Calxeda, one of the most visible stealth mode startups in the industry, has finally given us an initial peek at the first iteration of its server plans, and they both meet our inflated expectations from this ARM server startup and validate some of the initial claims of ARM proponents.
While still holding their actual delivery dates and details of specifications close to their vest, Calxeda did reveal the following cards from their hand:
The first reference design, which will be provided to OEM partners as well as delivered directly to selected end users and developers, will be based on an ARM Cortex A9 quad-core SOC design.

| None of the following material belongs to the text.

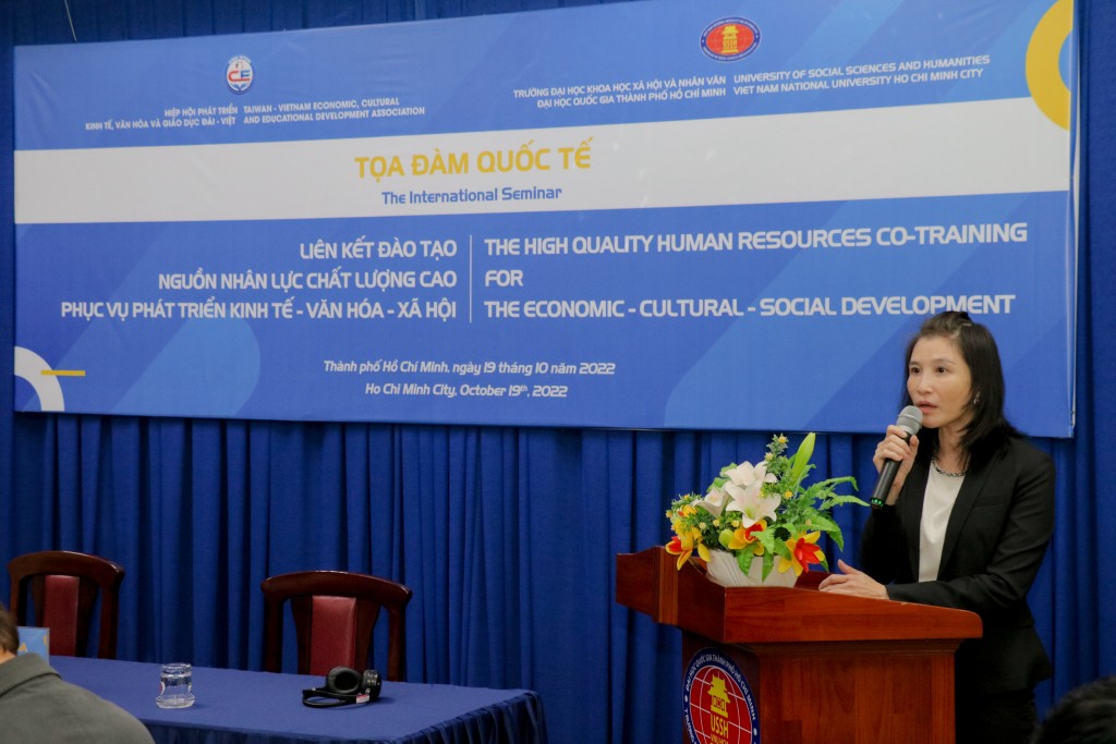 Bà Ngô Phẩm Trân, Chủ tịch Hiệp hội Phát triển Kinh tế - Văn hoá - Giáo dục Đài - Việt, phát biểu khai mạc tọa đàm liên kết quốc tế. Ảnh: Lý Nguyên/hcmussh.edu.vn |

The SOC, as Calxeda will demonstrate with one of its reference designs, will enable OEMs to design servers as dense as 120 ARM quad-core nodes (480 cores) in a 2U enclosure, with an average consumption of about 5 watts per node (1.25 watts per core) including DRAM.

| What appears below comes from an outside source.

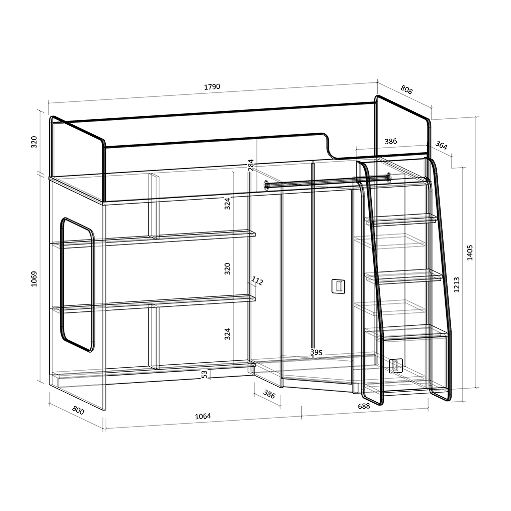 Высота чердака всего 1405мм, что легко позволит взрослым наблюдать за ребенком на кровати или достать что-то с верхнего яруса.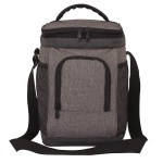 The Arizona cooler bag is made of grey two-tone 300D with extra durable two-tone 1680D polyester trims. The zippered main compartment has a heat-sealed PEVA lining and will hold up to 18 cans. It features an easy access front zippered compartment and two side mesh pockets provide extra outside storage. Carry it with the top padded handle or the 1 1/2″ x 48 adjustable shoulder strap. Complies with Prop 65. 8″ W x 12 1/2″ H x 8″ D

While not forthcoming with details about the performance, topology or protocols, the SOC will contain an embedded fabric for the individual quad-core SOC servers to communicate with each other.

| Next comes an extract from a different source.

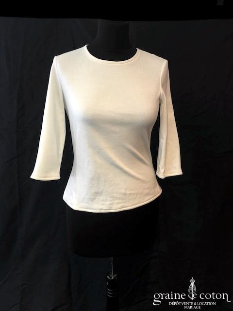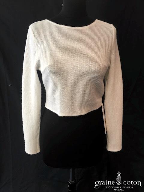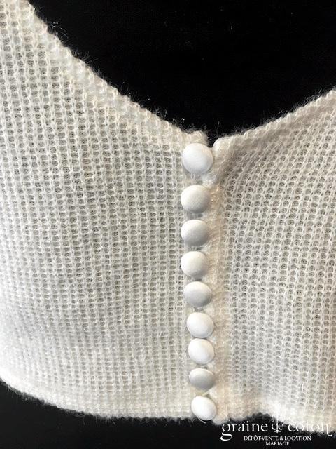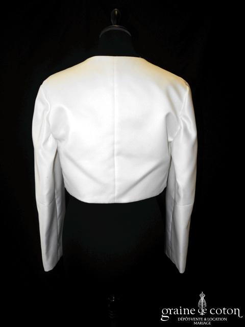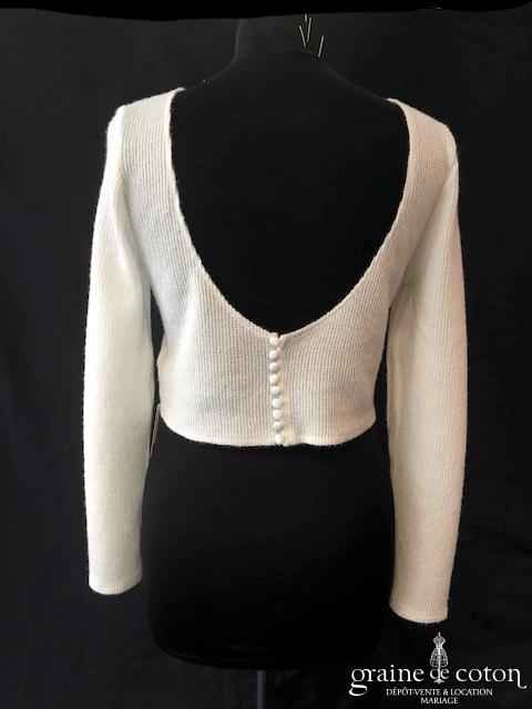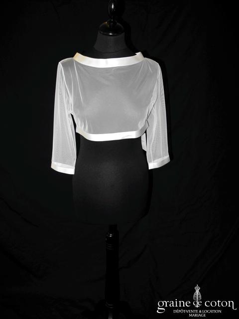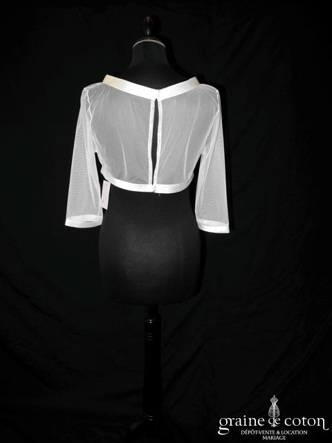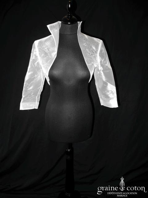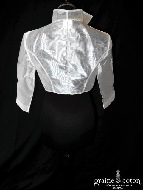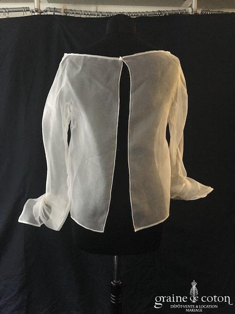 Boléro en organza de soie ivoire clair manches longues à porter ouvert sur l’arrière

Most significantly for prospective users, Calxeda is claiming, and has some convincing models to back up these claims, that they will provide a performance advantage of 5X to 10X the performance/watt and (even higher when price is factored in for a metric of performance/watt/$) of any products they expect to see when they bring the product to market.
Intel, despite a popular tendency to associate a dominant market position with indifference to competitive threats, has not been sitting still waiting for the ARM server phenomenon to engulf them in a wave of ultra-low-power servers. Intel is fiercely competitive, and it would be silly for any new entrants to assume that Intel will ignore a threat to the heart of a high-growth segment.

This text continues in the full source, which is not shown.